Now we don't hear anything else about what happened in or with the jars except that suddenly there was wine to serve and it was good wine, great wine, wine fit to be served at the beginning of the celebration when the best wine is brought out. Through the power of the Holy Spirit the plain unfit water was transformed into the most fit wine.
All it took was water and the Holy Spirit.
This sounds familiar to us because we profess the transformative power of baptism, claiming that great things will come simply from water and the Holy Spirit. We faithfully bring infants up here to the font and using water as a sign of God's love wash away the brokenness into which they were born and declare to them a new and transformed life in Christ.
At its core baptism is really an affirmation that through the love of Christ, through his baptism, death on the cross and resurrection we have already been transformed.
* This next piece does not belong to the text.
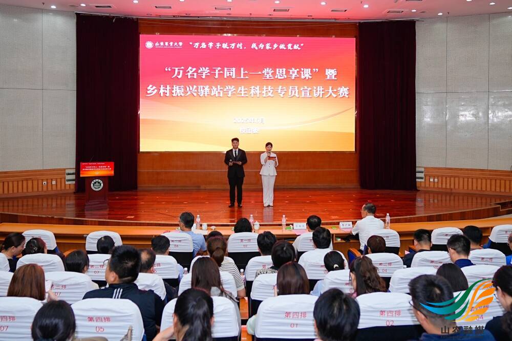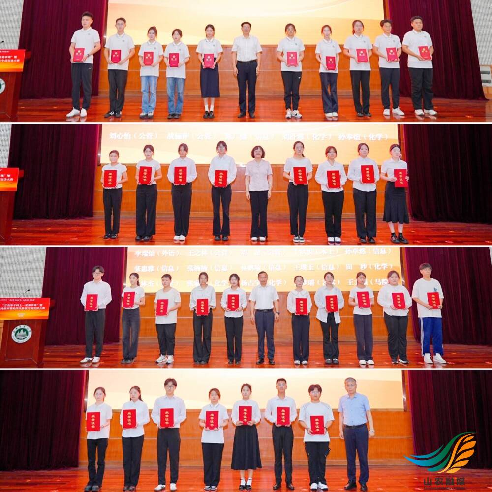 山农融媒6月23日讯 6月19日,学校举办“万名学子同上一堂思享课”暨乡村振兴驿站学生科技专员宣讲大赛。学校党委副书记、校长冷畅俭出席活动并为学生科技专员宣讲员颁发聘书,党委副书记张然,党委常委、副校长李广松,党委常委、副校长周玉玺为乡村振兴驿站工作优秀短视频、优秀工作日志获奖代表颁奖。

When I think about transformation and baptism I think of birth of a baby that happened here, very, very long ago. 150 years ago in fact, long before any of us were here.
This transformational love is the promise of the gospel, the reason for Jesus' acts of power and mercy and it is what we proclaim in each baptism that we perform and in every child of God that we welcome in the name of Christ.
Because of the promise of their own baptisms a community of God was able to welcome a child born in shame and because of the declaration of God's love in his baptism this little child, forgotten by history now, unable to talk, walk or even hold his own head up yet had spread the good news of God's love and forgiveness to his grandmother and grandfather, aunts, uncles, his entire church.
All it took was water and the Holy Spirit.
Turning water into wine seems like a funny miracle to mark the very beginning of Jesus' ministry. No one's life depended on it, no one in the affected family even asked Jesus to be involved. It was a family problem with, hopefully, a family solution. But that is what makes this the perfect first act in Jesus' ministry. The family didn't somehow try to make it worth Jesus' while to provide for them. They didn't have to prove themselves, Jesus saw that they were in crisis, that their relationships were in question and with great mercy he shared God's grace with them.
Jesus' ministry was defined by transforming peoples lives through the gospel, by healing the sick and calling the faithful. This is the continued ministry of the church today, of us here at Trinity and of all children of God. To spread the free gift of transformation in the form of water and the Holy Spirit.
How great it is to know that whatever our concerns, be they great or small, whether they seem trivial or earth shattering we are loved and blessed by the Lord who was concerned with an everyday wedding feast and the birth of a child out of wedlock.